Maryland Gov. Martin O’Malley had Senate President Thomas V. Mike Miller and House Speaker Michael Busch over for breakfast last week, trying to reconcile a deep rift between the two veteran Democratic legislative leaders. O’Malley wants them to agree to not one but two special sessions to address taxes and gambling — the same issues that caused the regular session to end in chaos on April 9. But Maryland taxpayers should pray that O’Malley’s awkward attempt at detente does not succeed.

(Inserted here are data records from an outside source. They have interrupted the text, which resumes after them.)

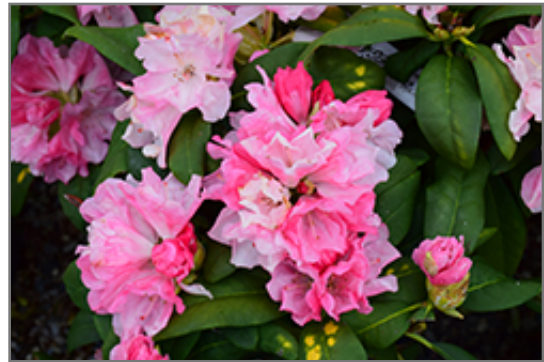
Yaku Prince Rhododendron flowers

Yaku Prince Rhododendron will grow to be about 3 feet tall at maturity, with a spread of 4 feet. It tends to be a little leggy, with a typical clearance of 1 foot from the ground. It grows at a slow rate, and under ideal conditions can be expected to live for 40 years or more.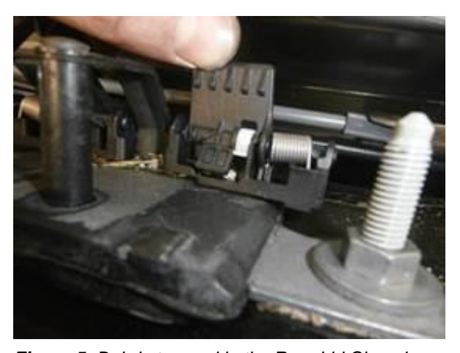
Figure 5. Debris trapped in the Rear Lid Closed Sensor.

2. Blow out any debris that might be causing an obstruction with compressed air (Figure 5).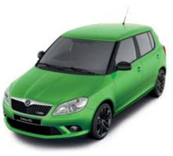
Rallye Green metallic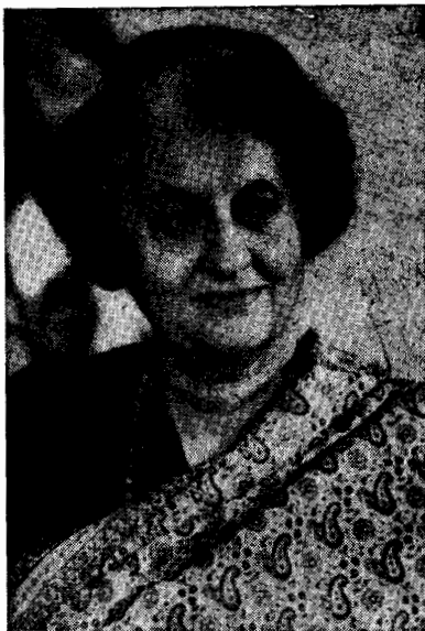
PRIME MINISTER INAUGURATES THE SILVER JUBILEE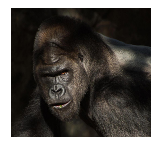
If I Could Get Out of This Cage... Stennis shotts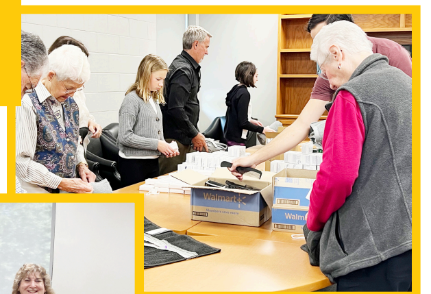
Photographs of just some of the 60 people (between the ages of 3 and 97) that helped with the God's Work. Our Hands. service project.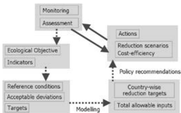
Figure 1. Eutrophication management cycle of the Baltic Sea Action Plan.

Based on the eutrophication targets and using models that incorporate data on pollution loads, hydrology, chemistry and biological parameters, it has been possible to define maximum allowable nutrient inputs to each sub-basin and provisional country-wise annual reduction targets for nitrogen and phosphorus. These figures were adopted by the Baltic Sea countries and the EC, together with a framework of cost-effective actions and measures to reduce nutrient inputs to the Baltic Sea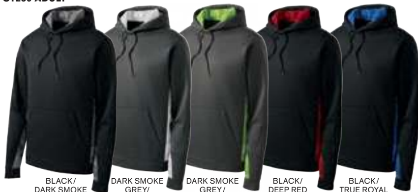
BLACK/ DARK SMOKE GREY

Even one special session would be a waste of tax dollars. The $35.4 billion fiscal 2013 budget that passed by default while Miller and Busch were duking it out contains a $700 million increase in state spending. As Del. Herb McMillan, R-Annapolis, points out, this “doomsday” budget does not raid the Program Open Space, Bay Restoration or Transportation trust funds. It reduces Maryland’s structural budget deficit by 51 percent by balancing revenue with general fund expenditures for the first time in years. Even without a special session, spending for K-12 education will increase by $199 million next year and higher education will get $82.4 million more.
The only thing the so-called “doomsday” budget cuts back on is O’Malley’s increasingly unaffordable and unsustainable wish list. This is why the governor wants to drag feuding legislators back to Annapolis twice — so they can pass tax increases that didn’t make it through in the regular session. By decoupling his tax increases from the more controversial National Harbor gambling question, O’Malley hopes he can ram them through, then let Miller and Busch butt heads again over gambling at a second special session later this summer.
Democratic legislators were shaken to the core when political novice John Delaney, running on a platform of fiscal conservatism, upset Senate Majority Leader Rob Garagiola in a closed Democratic primary for Congress, in a district Miller had personally gerrymandered for his Senate colleague. Meanwhile, county officials fear O’Malley will use a special session to offload responsibility for teachers pensions into their laps.
Maryland already has a balanced budget that is grounded in fiscal realities. O’Malley should drop his cynical effort to engineer two unnecessary special sessions just so he can raise taxes on hardworking Marylanders.